START Data under study

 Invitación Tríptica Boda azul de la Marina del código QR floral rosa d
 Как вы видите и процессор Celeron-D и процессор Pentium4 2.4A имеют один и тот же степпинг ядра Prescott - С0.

END Data under study
START Data under study

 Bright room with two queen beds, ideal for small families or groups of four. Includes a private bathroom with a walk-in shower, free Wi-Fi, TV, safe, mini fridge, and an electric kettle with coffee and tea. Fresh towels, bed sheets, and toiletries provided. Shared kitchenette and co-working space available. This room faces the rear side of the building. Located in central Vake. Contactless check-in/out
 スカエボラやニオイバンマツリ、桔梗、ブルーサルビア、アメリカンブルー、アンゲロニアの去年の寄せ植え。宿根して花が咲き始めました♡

END Data under study

**Exercise instructions**. From the data above, output only the lines between the line containing "Invitación Tríptica Boda" and the line containing "Как вы видите", inclusive, exactly as written.

**Finished task**.
 Invitación Tríptica Boda azul de la Marina del código QR floral rosa d
 Как вы видите и процессор Celeron-D и процессор Pentium4 2.4A имеют один и тот же степпинг ядра Prescott - С0.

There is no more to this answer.